Expliquer le texte suivant
Qu’est-ce qu’un jugement vrai ? Nous appelons vraie l’affirmation qui concorde avec la réalité. Mais en quoi peut consister cette concordance ? Nous aimons à y voir quelque chose comme la ressemblance du portrait au modèle l’affirmation vraie serait celle qui copierait la réalité. Réfléchissons-y cependant nous verrons que c’est seulement dans des cas rares, exceptionnels, que cette définition du vrai trouve son application. Ce qui est réel, c’est tel ou tel fait déterminé s’accomplissant en tel ou tel point de l’espace et du temps, c’est du singulier, c’est du changeant. Au contraire, la plupart de nos affirmations sont générales et impliquent une certaine stabilité de leur objet. Prenons une vérité aussi voisine que possible de l’expérience, celle-ci par exemple : « la chaleur dilate les corps ». De quoi pourrait¬elle bien être la copie ? Il est possible, en un certain sens, de copier la dilatation d’un corps déterminé à des moments déterminés, en la photographiant dans ses diverses phases. Même, par métaphore, je puis encore dire que l’affirmation « cette barre de fer se dilate » est la copie de ce qui se passe quand j’assiste à la dilatation de la barre de fer. Mais une vérité qui s’applique à tous les corps, sans concerner spécialement aucun de ceux que j’ai vus, ne copie rien, ne reproduit rien.
BERGSON, La pensée et le mouvant, 1934.
Texte clair qui ne pose aucune difficulté (si ce n’est celui de la paraphrase).

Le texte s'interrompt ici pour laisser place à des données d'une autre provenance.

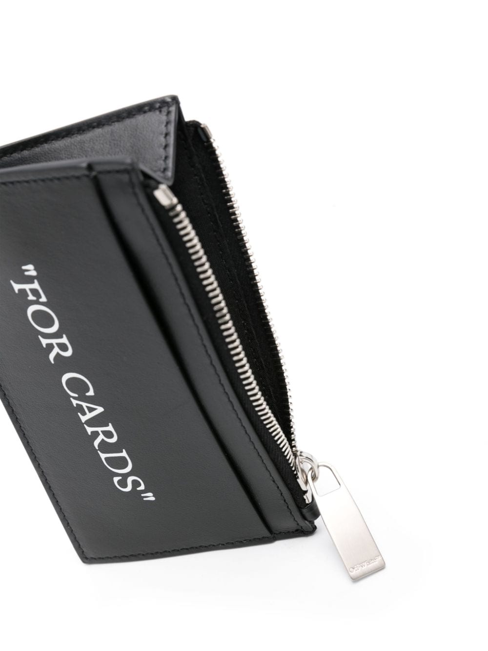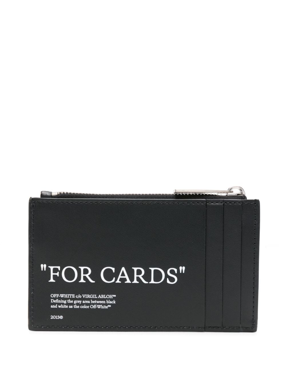 Quotation marks can be recognised as a signature feature that has been used consistently throughout the collections from Off-White. This black leather cardholder displays both to the front and rear with a white 'For Cards' print.
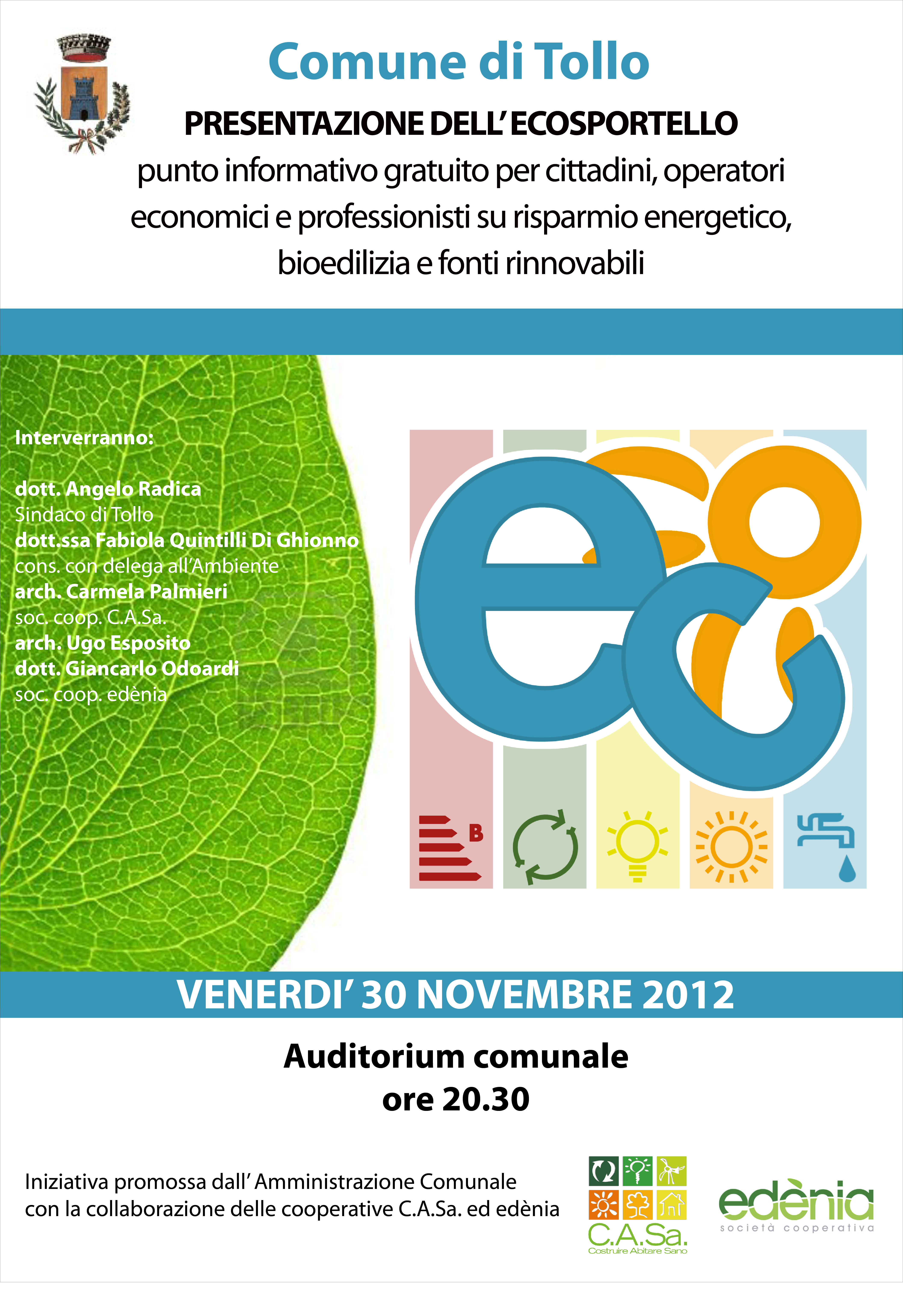 E’ il titolo di un seminario che si terrà giovedì 31 marzo, alle ore 16,00, nella Sala consiliare del Comune di Guardiagrele. L’iniziativa è promossa dal Consorzio di solidarietà Con.Sol. e da Saima, Società Cooperativa Sociale, in collaborazione con le società C.A.Sa, Costruire abitare sano e Edènia – Punto Energia. L’iniziativa è stata inoltre patrocinata dalla Confcooperative Abruzzo, dall’Ordine degli Architetti della Provincia di Chieti, dalla Comunità Montana della Maielletta e dal Comune di Guardiagrele.
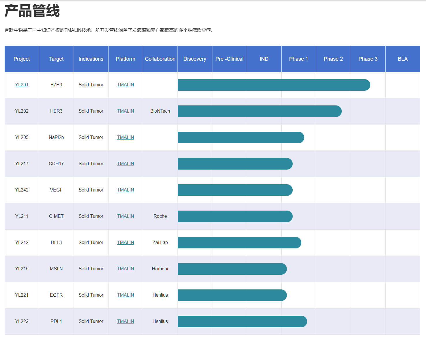 从管线进度来看,这6款在研产品中,YL201和YL202进度较快,它们分别进入了三期临床、二期临床,另外4款则处在更早期。
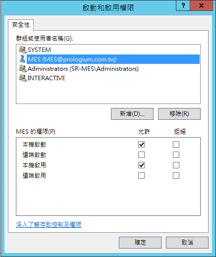 5.【內容】>>【安全性】頁籤>>所有【權限】都新增執行SQL AGENT的帳號(本例為prologium/mes)
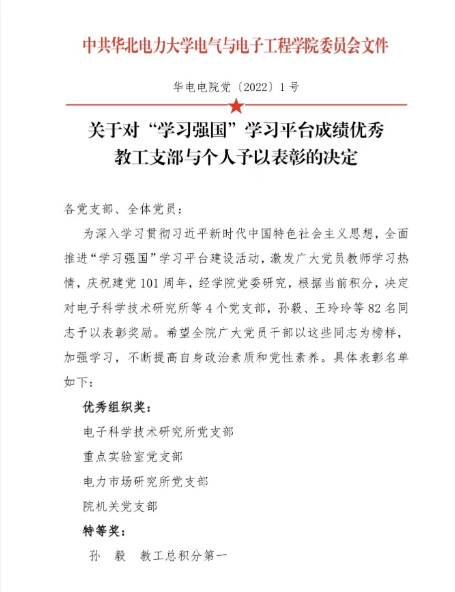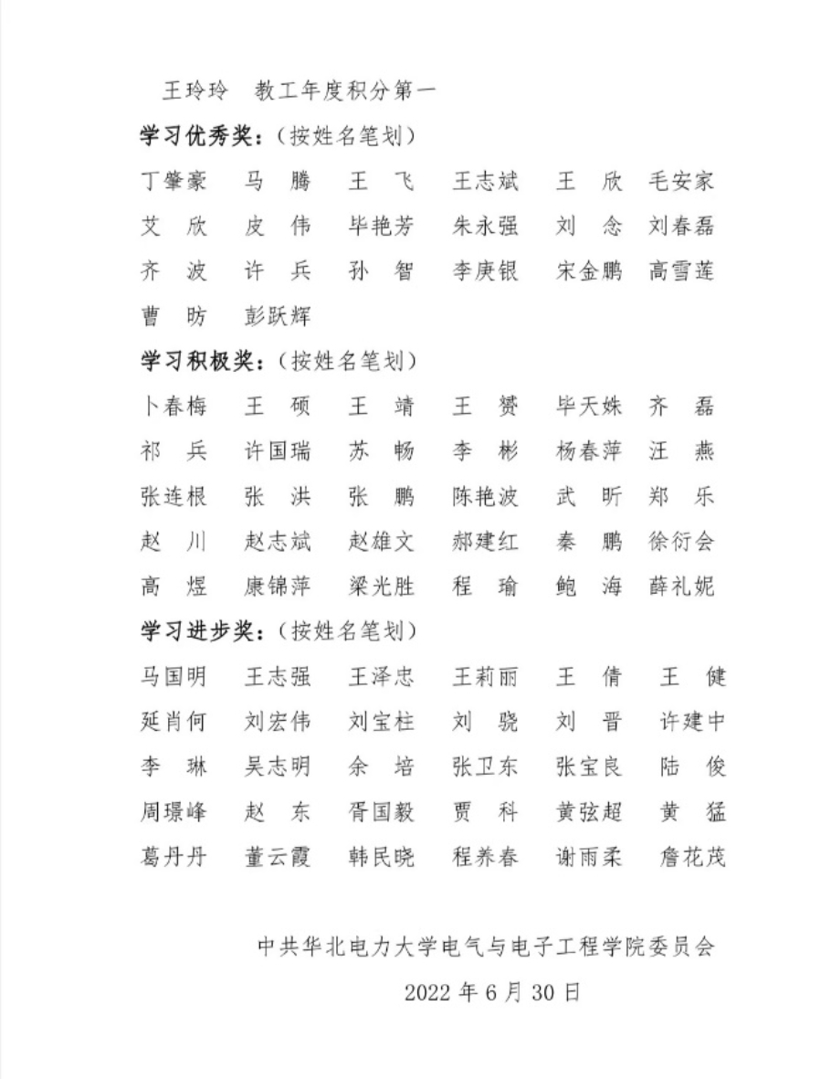 为庆祝“七一”建党节,学院各党支部积极开展特色活动。输配电系统研究所纵向党支部于6月28日召开了以支部成立一周年工作总结暨迎“七一”活动为主题的支部党员大会,回顾该支部的历史沿革,展现建设成效并对支部提出未来期许。重点实验室党支部通过观看百年风华、中共一大,中国共产党成立的历史过程等系列影片和讲座,回顾中国共产党成立之初的历史及建党以来取得的巨大成就,鼓舞师生不忘初心、奋发进取。留校员工党员积极承担毕业生档案整理工作,以无私忘我的精神奋斗于毕业离校保障服务工作的第一线,充分确保各项工作的有序开展。各员工党支部积极开展理论学习与实践活动,组织观看学习庆祝香港回归祖国25周年大会暨香港特别行政区第六届政府就职典礼,深刻领悟中国共产党一百多年来开辟的伟大道路、创造的伟大事业、取得的伟大成就。电院学子纷纷表示必将不负韶华、不负时代、不负人民,为维护祖国统一,实现中华民族的伟大复兴付出自己的一份力量。

Distingue nettement, ce qui est la plupart confondu, le réel et le vrai : pour qu’il y ait réalité, il faut que quelque chose soit mais pour qu’il y ait vérité, il faut que l’on produise un jugement sur ce réel. Le réel n’est ni vrai ni faux, il est (le tableau d’un faussaire est): c’est seulement le jugement portant sur le réel qui peut être qualifié de vrai ou de faux (c’est le jugement sur l’attribution de ce tableau réel à tel peintre qui peut être faux) .

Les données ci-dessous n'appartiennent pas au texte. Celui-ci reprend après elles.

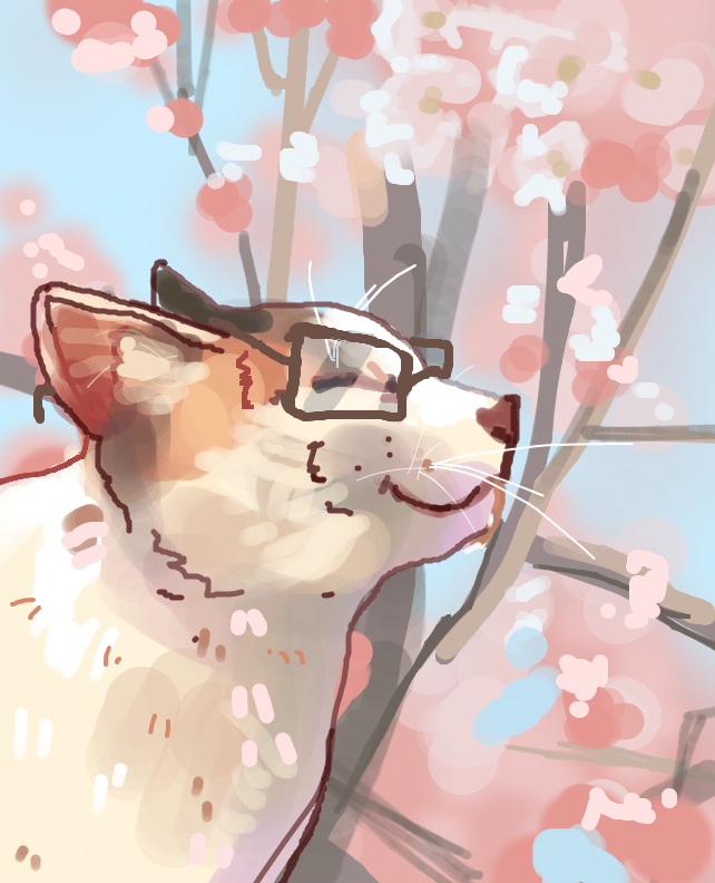 Хммм... По мордочке котик похож на японского бобтейла, растение на фоне похоже на сакуру и эти очки... Хммм... Японская версия Ученого кота?)
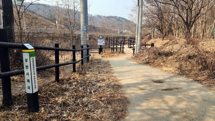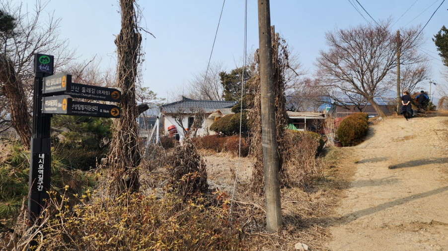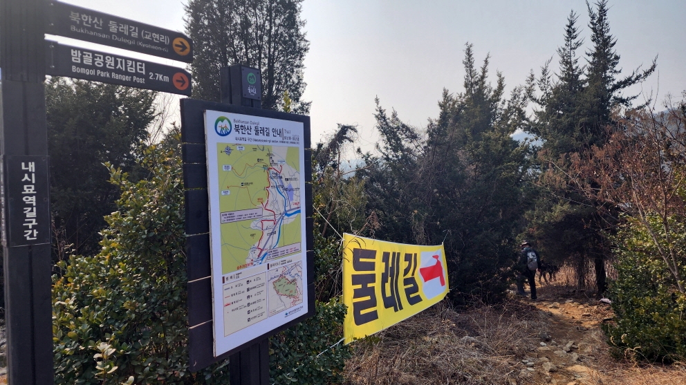 - 한옥마을 입구는 은평둘레길과 겹쳐서 오른쪽 사진처럼 길을 건너 은평둘레길로 가는 사람들이 많다.
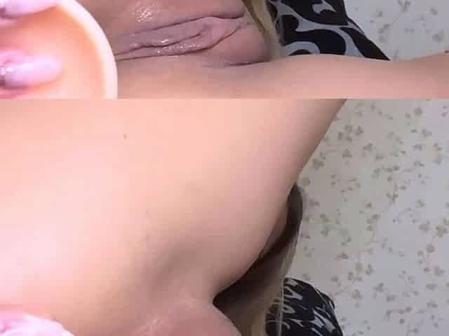Blonde creampie loving babe dildofucks her tight ass
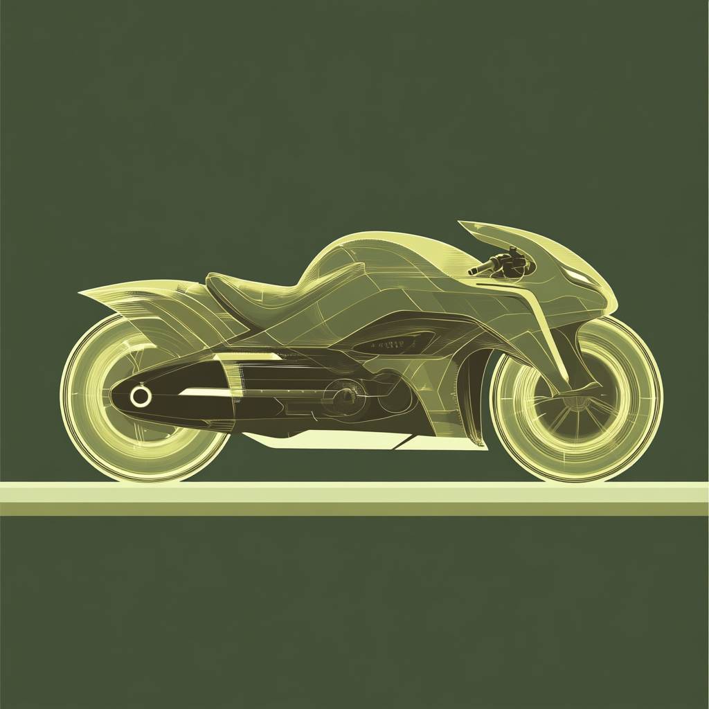 A vector artwork of the futuristic motorcycle from Tron in a watermark elegance style. The bike is subtly embedded into the design with soft, flowing cream lines that give it an ethereal, elegant look. The details, such as the glowing light trails and futuristic details, are delicately outlined, while the rest fades softly into the background. The olive green background adds a sense of depth, allowing the cream lines to blend seamlessly for a smooth, high-end visual.
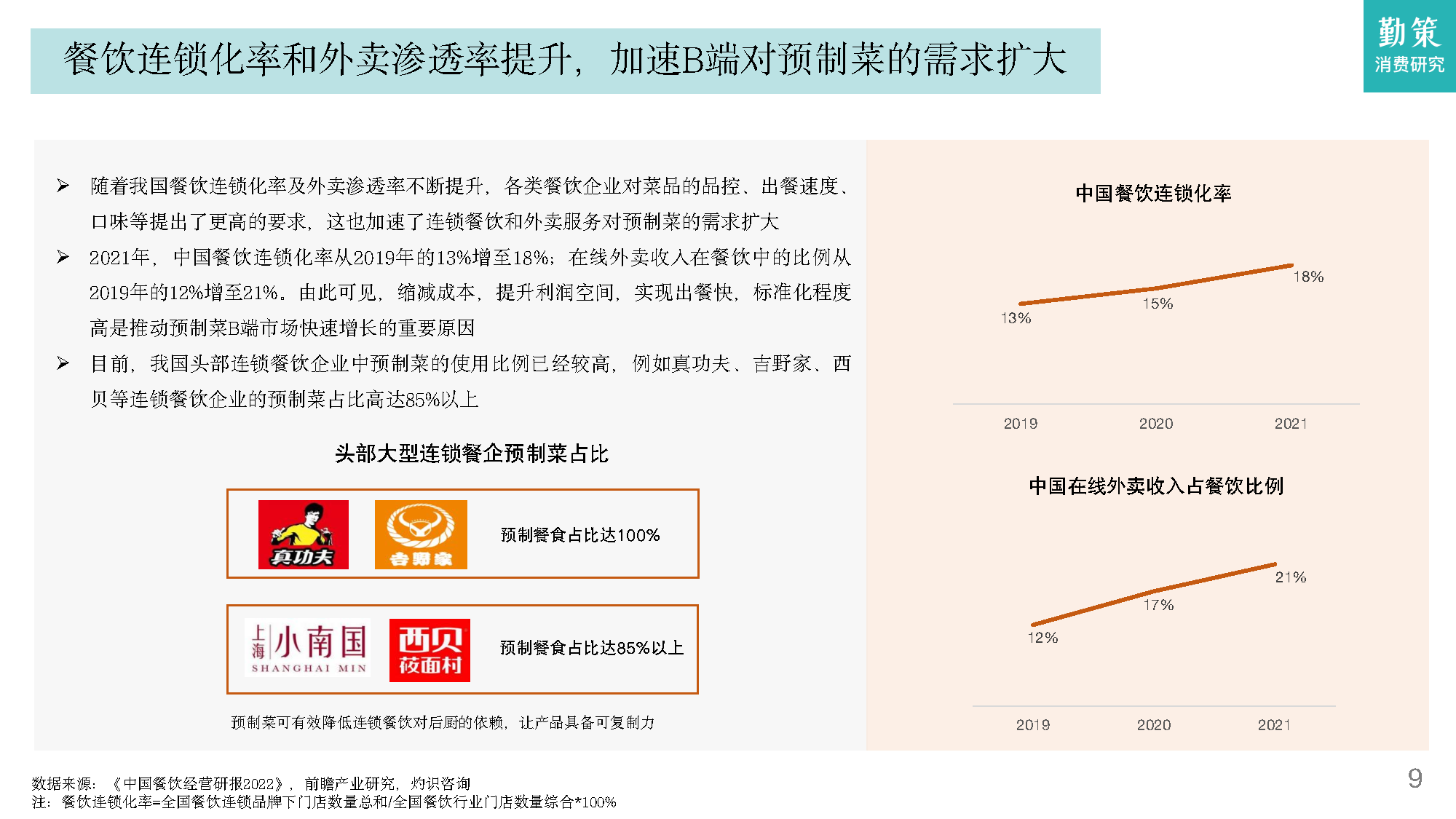 報告顯示,由于小型連鎖餐飲企業在市場上的占比不斷提高,預制菜成為了經濟實惠的首選。這些企業通過采購預制菜降低成本,提高效率,進一步擴大了預制菜的市場規模。

Quelle est donc la nature de ce jugement ?
Il ne peut être la copie de ce réel (critique de la conception empiriste selon laquelle le jugement ne serait que le produit d’une généralisation de toutes les copies de ce que j’ai perçu dans l’expérience) ; il est d’une autre nature ; il ne peut naître que d’une séparation d’avec le réel, que d’une abstraction.

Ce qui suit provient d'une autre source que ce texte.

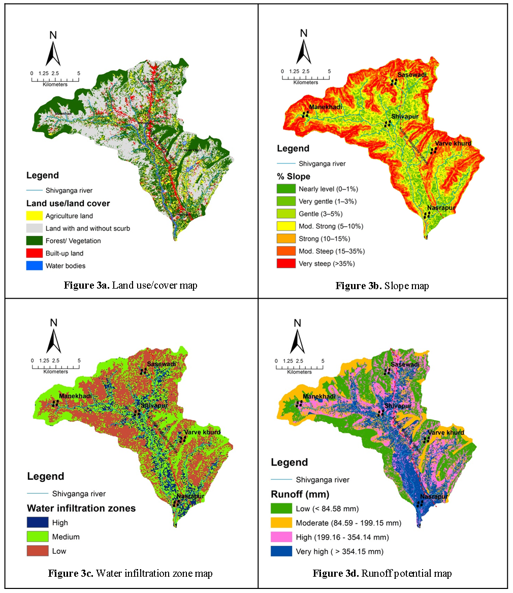 Figure 3c shows that major portion of the study area can be categorized under moderate to low category and remaining area falls under high categories. Thus, SWC structures are proposed to construct in order to enhance both sub-surface and surface storage.
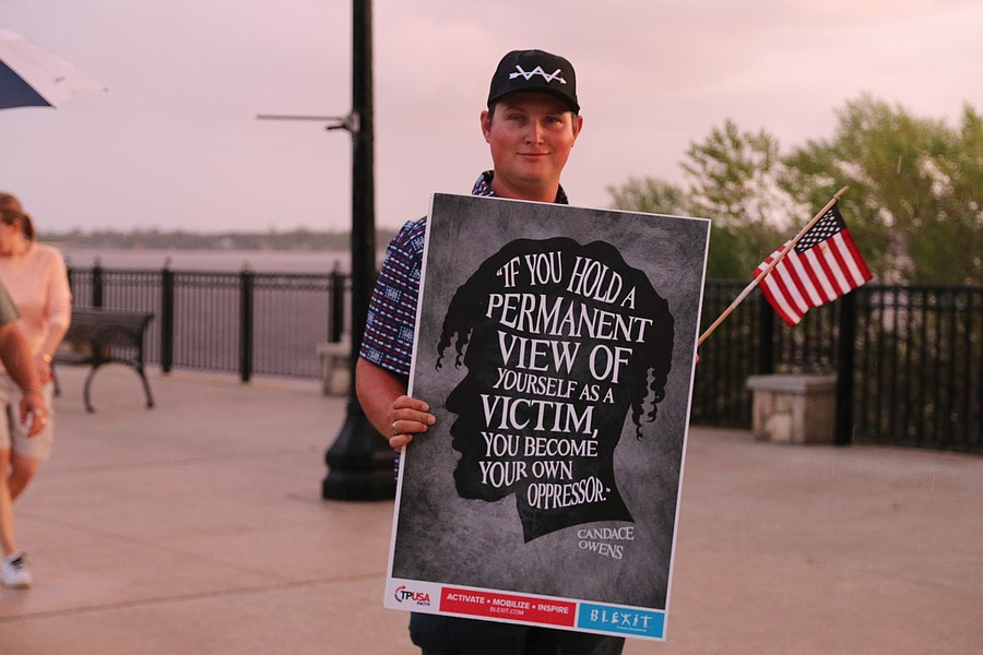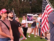 Timo Hogan, Suzanne Engel and Cage Barton attend a vigil in memory of Charlie Kirk at Cassen Park on Friday, Sept. 12. Photo by Jarleene Almenas
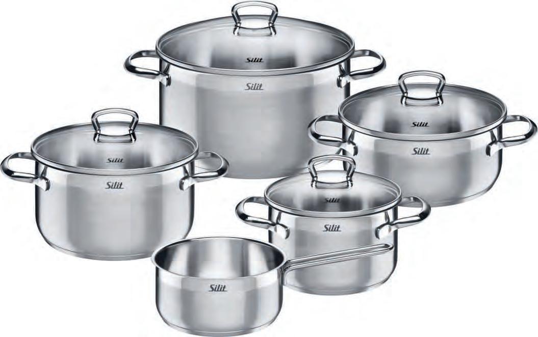 5-TLG. TOPFSET, Edelstahl rostfrei 18/10, spülmaschinenund backofengeeignet, für alle Herdarten geeignet, hitzebeständig bis 250°C ohne Deckel bzw. 180°C mit Deckel, best. aus: Bratentopf Ø ca. 20cm,

Pourquoi ? Car le jugement vrai doit être universel, valable en tout temps et en tout lieu ; or toute perception réelle ne peut être que particulière, singulière donc liée à tel moment et à tel lieu. Si l’on en reste là, la critique de Hume sur la causalité est vraie : ce que j’ai constaté ce jour, pour tel objet, dans tel espace, ne me permet pas de dire que demain, ce que j’ai jugé sera vrai. Par conséquent, pour être universel, le jugement vrai ne peut pas être de même nature que le réel qu’il évalue.